The greatest thing a woman can do is "command" respect. Having comfort with the topic at hand (i.e. knowing what your talking about) is key, and will allow a woman to naturally hold her ground.

If I were approached with a "Bill (case above)" while trying to speak, I would do the following:
-Make eye contact with the interruption (in this case, Bill.)
-Clearly explain that I'm not finished with my point, by saying "one second," or "excuse me Bill, one more thing before you begin."
You don't have to be rude, but you do need to assert yourself in defense against rude behavior.

Posted by: Jenn at August 15, 2008 8:22 PM

I think this is bad advice. Raising your hand? We're not in school. Asking to speak? We're not children.

Getting heard can be tricky but we don't need to fall back to childhood to get our points across. I've done the following and have recommended these points to younger women entering the business world:

-- Stop speaking and look at the persons talking and say in an even tone "Excuse me, I'm speaking. I would appreciate your attention."
-- Gently rap the table with your knuckle - the noise stops the interrupting conversation and pulls attention back to you.
-- If you're at the table when another woman is being spoken over and who can't seem to get heard, come to her aid by saying -- in a slightly louder than normal tone -- "Mary, can you repeat yourself? I missed what you said."

Always be strong and assertive and know that at times, you may need to fight a bit to be heard. But it's worth it to you, your career and your business.


Posted by: BMW Sydney Sales at September 9, 2008 9:14 AM

I find that getting to the meeting early and introducing myself to everyone as they arrive sets a good tone for getting attention in the meeting.

Even if they are people I know, I'll spend a few minutes discussing relevant business with them beforehand, one-to-one or one-to-two so I've set an attention dynamic with some key people immediately before the meeting.

Knowing the agenda in advance helps, too. You can research ideas on the important topics and plant some good sound bites with others before the meeting, so when the agenda topic comes up, those people clear the way for you by saying "Liz was just telling me a good point on that before the meeting" then everyone turns to you to fill them in on the details.

Posted by: Lynn at October 25, 2008 9:54 PM

Arrive early, be polite, asertive and know your topic of discussion better than anyone else in the room. Set up straight and tall and maintain eye contact with everyone when speaking.
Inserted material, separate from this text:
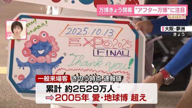 グッズ販売でも記録的な数字を残した。協会によると、8月末時点での公式ライセンス商品の売上は約800億円に到達。「ミャクミャク」のぬいぐるみくじやフィギュアなどが大ヒットし、会場内外の公式ショップには連日行列ができた。人気の高まりを受け、協会は当初10月13日までとしていた販売期間を2026年3月末まで延長することを決定。ミャクミャク関連グッズは引き続きオンラインショップや一部店舗で購入できるようになる。

Posted by: Kim at January 3, 2009 8:43 PM

Its nice to be assertive,and yes polite too. But when you're a woman in a setting of just men. You should never have trouble getting a word in edgewise.Although these things do happen in everyday life,you must know its something missing. Appearance is everything. Not that you should try to entice, but let your beauty get the attention for you. They all stop talking when a Foxx walks by, or walks into the room. So they have to listen. Try a new haircut,dress,manicure,pedicure or something different. Use your "queeenship" to your advantage!